#### [Required work]
Everything in the listing below should be repeated verbatim, apart from the pictures.

#### [Data extract]
--------------------

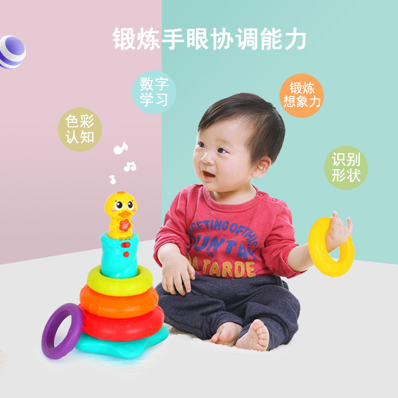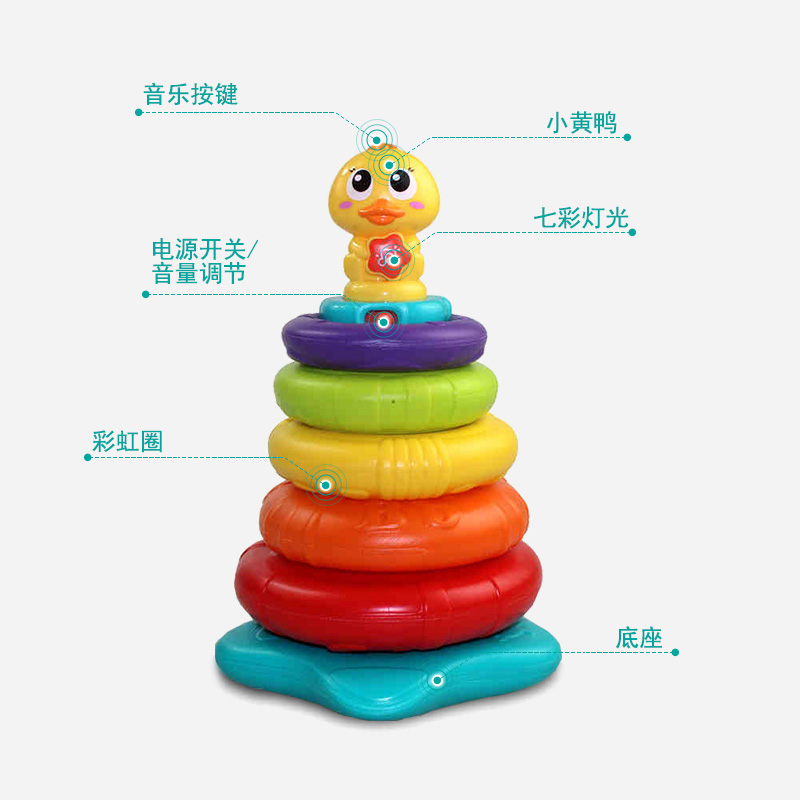 Rainbow stacking duck 1 free battery Rainbow stacking duck puzzle stacking cup without music Rainbow stacking duck Puzzle stacking cup with music Rainbow stacking duck Touch music tumbler Pink calf
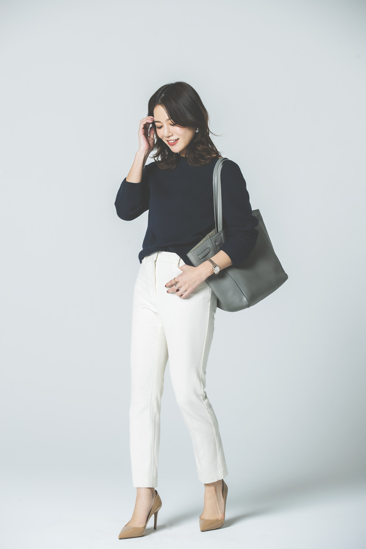 ❹石井里奈さんは白パンツで “きれいめ通勤スタイル”な着こなし
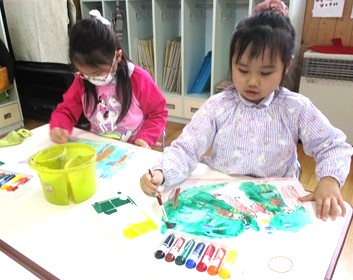 絵の具遊びが大好きな月組さんは、今日を楽しみにしていました。
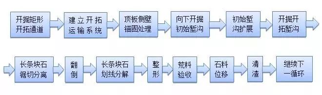 ▲圖10.地下大理石礦山開拓和荒料開采作業(yè)流程

--------------------

#### [Expected output]
 Rainbow stacking duck 1 free battery Rainbow stacking duck puzzle stacking cup without music Rainbow stacking duck Puzzle stacking cup with music Rainbow stacking duck Touch music tumbler Pink calf
 ❹石井里奈さんは白パンツで “きれいめ通勤スタイル”な着こなし
 絵の具遊びが大好きな月組さんは、今日を楽しみにしていました。
 ▲圖10.地下大理石礦山開拓和荒料開采作業(yè)流程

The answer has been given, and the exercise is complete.